Далее, нам представляется слишком преувеличенным то различие двух периодов в теории познания у Вл. Соловьева, границей которых, по А. И. Введенскому, является появление работы «Теоретическая философия» в 1897 году [454]. Уже в хронологическом смысле такое разделение представляется нам малодопустимым, поскольку эта хронологическая граница лишь на три года отдалена от кончины Вл. Соловьева. Но и по существу в своей «Теоретической философии» он не столько дает новое логическое учение, сколько уточняет отдельные его моменты, акцентируя их теперь несколько иначе. Неокантианцу А. И. Введенскому, конечно, очень приятно отметить, что теперь Вл. Соловьев отрицает возможность прямого и цельного восприятия человеческим субъектом себя самого. Это действительно соответствует кантовской убежденности в том, что для полных и цельных идей разума у человека нет никаких интуиций. Но и тут думать, что Вл. Соловьев впал в какой‑то метафизический дуализм, нельзя. Для некоторых целей в первой своей статье из трактата «Теоретическая философия» он выдвигает на первый план отдельные переживания в противоположность переживаниям человеческого субъекта во всей его полноте. А. И. Введенский приводит даже тексты из Библии о полной непознаваемости Бога (Еванг. Иоан. I, 18; I Поел. Иоан. VI, 16; Исход XXXIII, 20, 23), что является безусловной нелепостью, поскольку можно привести сотни библейских текстов о проявлении божества в его творениях, да и сама личность основателя христианства только и дается в Новом Завете как явление божества в чисто человеческом и материальном виде. Конечно, и Вл. Соловьев, всегда исповедовавший христианскую религию, не мог не давать тут же, в «Теоретической философии», учения об абсолютном разуме или абсолютной субстанции, проявляющей себя также и в других субстанциях, прежде всего в человеке. А. И. Введенский вносит здесь еще и ту путаницу, что приписывает Вл. Соловьеву учение о возможности мистических восприятий не для всех, но лишь для некоторых людей. Ведь вопрос об этом отнюдь здесь не принципиален и не умаляет возможности, с точки зрения Вл. Соловьева, мистического восприятия божества вообще.

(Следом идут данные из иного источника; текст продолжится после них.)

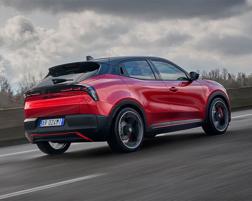 フロントマスクには他モデルと同じく盾型のグリルを踏襲。リアのスタイリングは、スポーティな逆台形型のリア ウインドウと、テール部分を垂直に切り落としたような、アルファ ロメオ十八番の空力の高い“コーダ・トロンカ”を採用している。

В итоге нам хочется сказать, что концепция гносеологии Вл. Соловьева у А. И. Введенского не то что неверна, а скорее чересчур одностороння. Вызывает большое уважение воспоминание А. И. Введенского о том, что петербургские студен — ты входили в аудиторию Вл. Соловьева ярыми позитивистами, а выходили из нее кантианцами [455]. Конечно, они не выходили кантианцами, поскольку последний всегда был объективным идеалистом. Они выходили не кантианцами, а просто идеалистами. И если отбросить субъективные симпатии самого А. И. Введенского, все же в своем выступлении он достаточно ярко представил несовместимость Вл. Соловьева ни с каким позитивизмом и вообще ни с каким драматизмом. В этом смысле отрадно также и то, что Вл. Соловьев, по мнению А. И. Введенского, был таким огромным философским талантом, что под его влиянием русское общество перешло от философской косности и безразличия середины XIX века к весьма заинтересованному и четко определившемуся стремлению конца века к созданию вполне положительной, и притом критической, философской системы.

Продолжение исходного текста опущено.